Manuel Moyano, asimismo, se vale de
diversas voces narradoras, desde la omnisciente
hasta —digamos— la maravillosa, representada por la estatua de un jardín en “Jardín abandonado”, y juega con el tiempo o el misterio (en
“De entre los muertos” se plantea cómo logra
escapar un hombre de su ataúd de plomo, sumergido bajo una espesa capa de hormigón,
una lápida de basalto de cuatro toneladas y un
conjuro que creían infalible), para mostrarnos
diversas paradojas, visibles también en “Perennidad”, en la obsesión por la identidad y el azar
(“Equipajes”), o en “Luna pálida”, donde un
cierto emperador se muestra tan sensible como
despiadado.
Dentro de la rica tradición que constituyen Kafka, Borges, Cortázar, Ítalo Calvino,
Monterroso, Álvaro Cunqueiro, Juan Perucho
y, según puede observarse en “Diálogo”, entre
otros textos, de Javier Tomeo, en los microrrelatos de nuestro autor se baraja realidad y
fantasía, decantándose por esta última, de lo
que son buena prueba “Despertar”, en el que lo
cotidiano alcanza los ribetes de un mal sueño,
y “Ártico”, donde la ficción de un loco, del que
unos individuos se ríen siguiéndole la corriente —pues ha confundido un banco del parque
con una piragua con la que dice viajar por el
polo—, acaba imponiéndose a la supuesta verdad de los cuerdos burlones.
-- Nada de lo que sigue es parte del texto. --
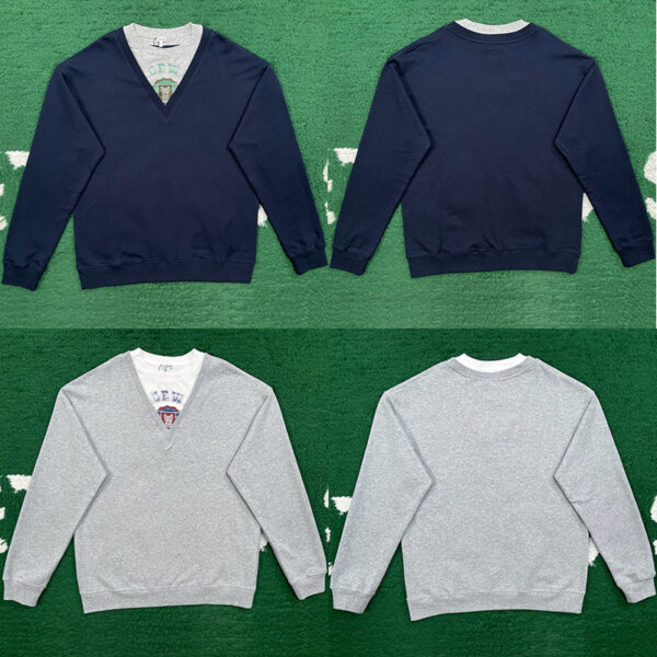 - 브이넥과 라운드네크 디자인이 조합된 긴팔 맨투맨으로 캐주얼한 상의입니다.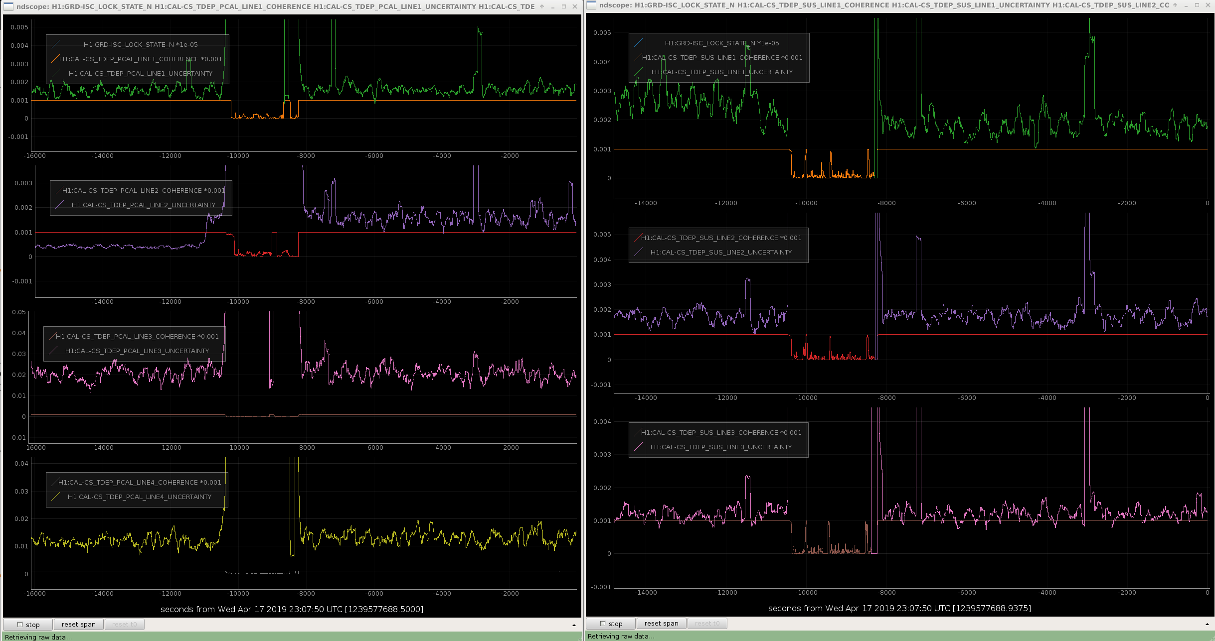 2019-04-17_TuningCalibrationLineAmplitudes_Uncertainty.png shows the time series of the uncertainty for all calibration lines over many hours before and after the line amplitude change -- the middle section is where they were turned off for the standard suite of calibration sweeps; before they were at their former value, after they were at their current value.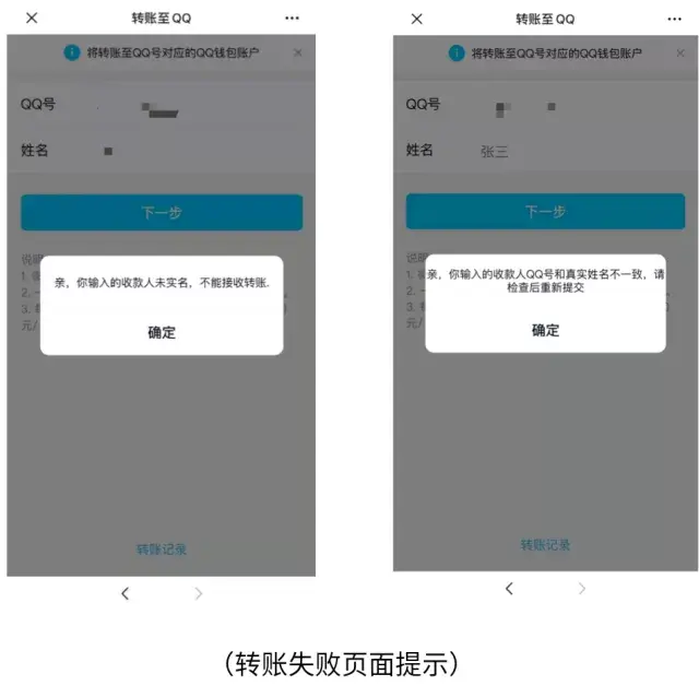 要确保所输入的对方QQ号与真实姓名一致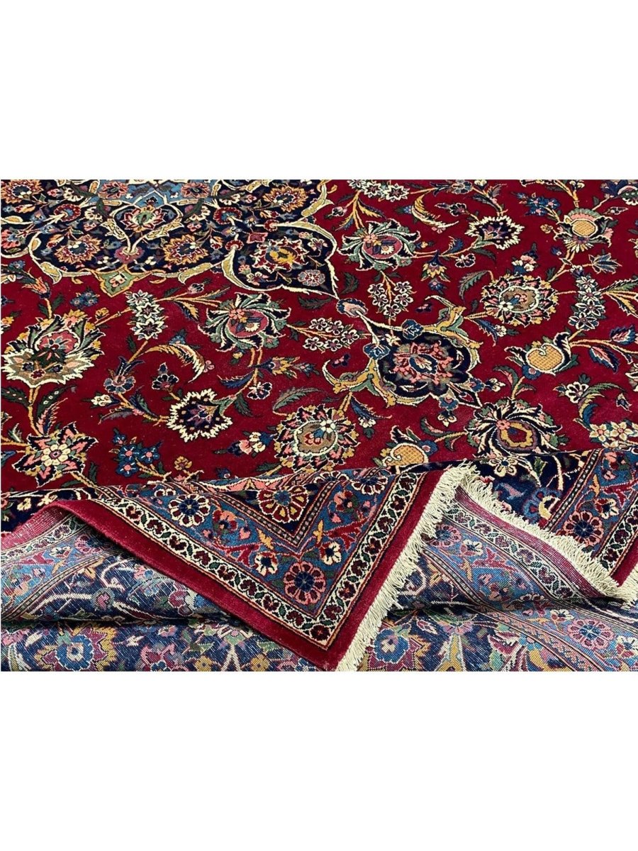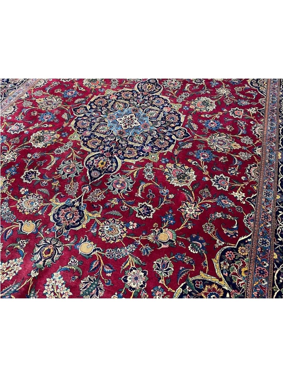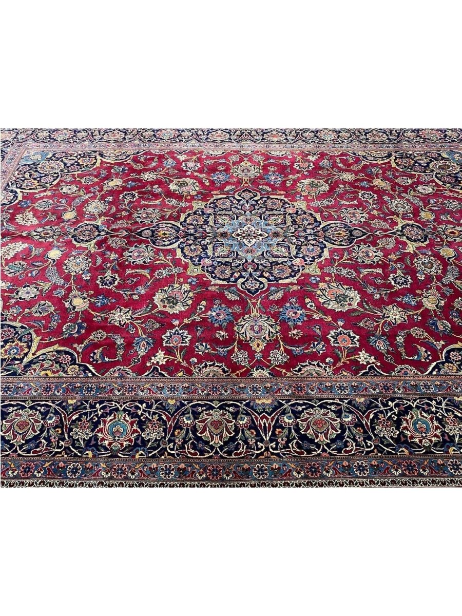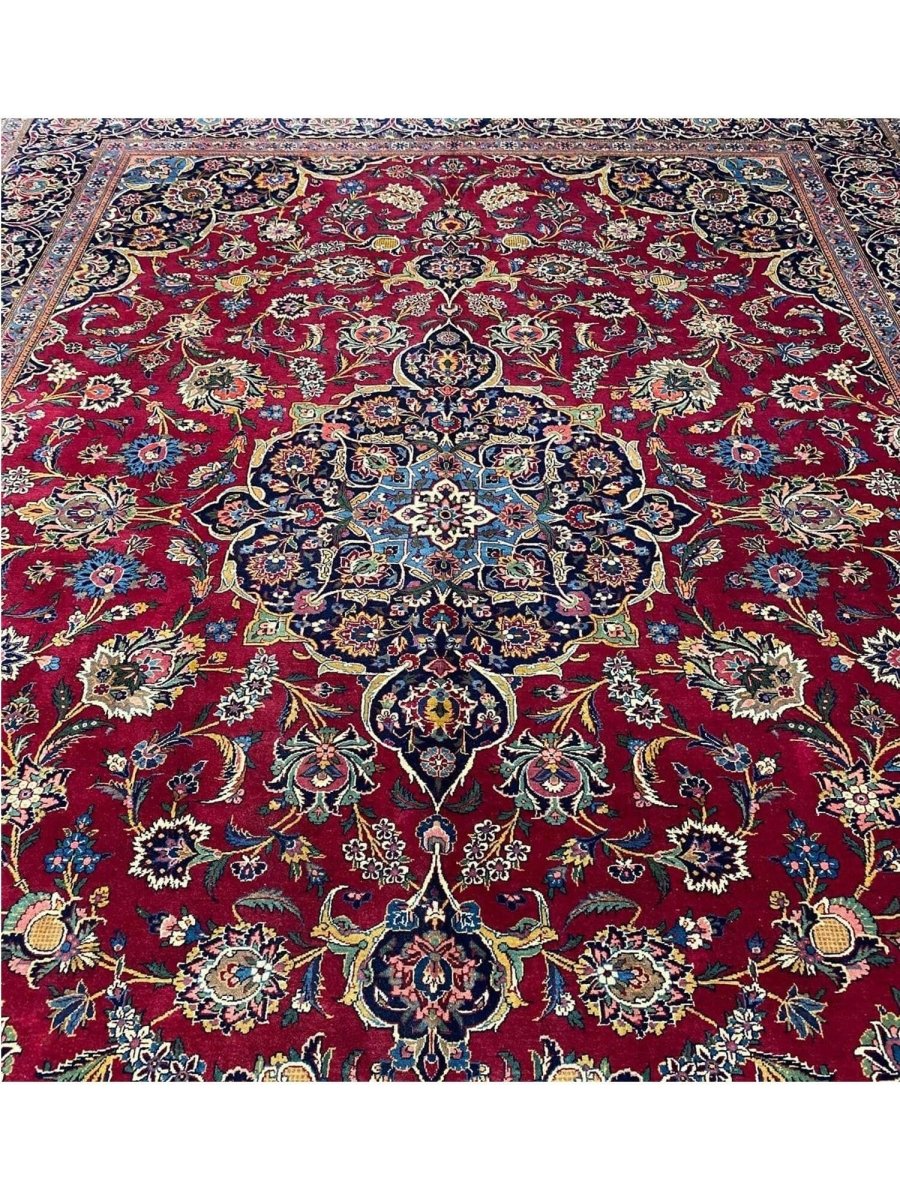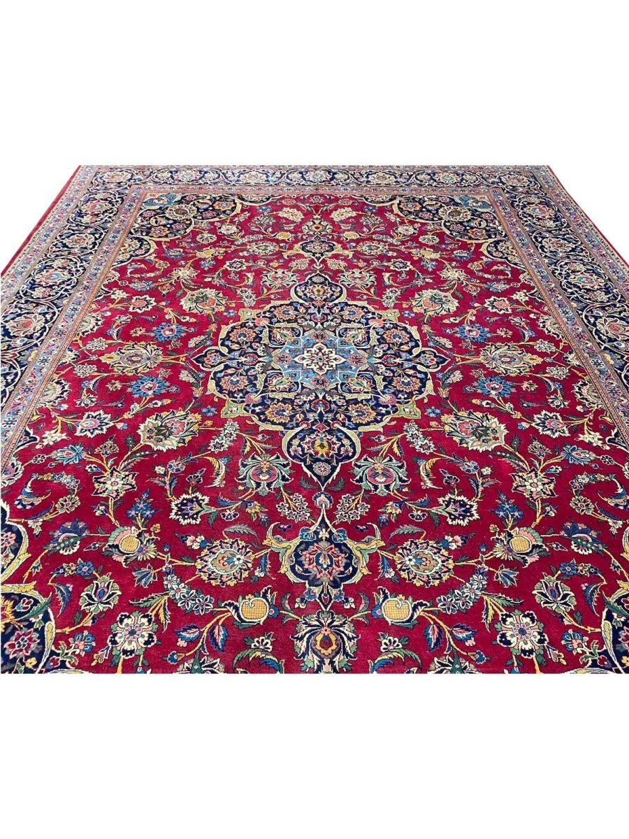 Add a touch of casual style to your home with this 9x12 Old Persian Kashan Area Rug, crafted in Persia. This rug features a captivating medallion pattern, showcasing a simple yet effective design in a burgundy, black ,beige, and blue palette. Its durable wool construction ensures longevity and easy care, perfect for living rooms, bedrooms, and dining spaces. The clean finish reflects quality craftsmanship and design. This piece effortlessly brightens, adding warmth, texture, and a relaxed feel. A blend of simple design and function, it easily enhances any space. Enjoy the benefit of free shipping across the United States. Each rug offers a distinct look, with subtle variations inherent to its creation.

Manuel Moyano,
en suma, nos muestran en su Teatro de ceniza la
complejidad de la existencia, junto con otras posibilidades plausibles de la historia, lo que hay
más allá de la mera apariencia de las cosas, y
algunos de los pliegues que se esconden tras la
realidad, la imaginación y los ensueños.
Manuel Moyano, Teatro de ceniza, Palencia, Menoscuarto, 2011.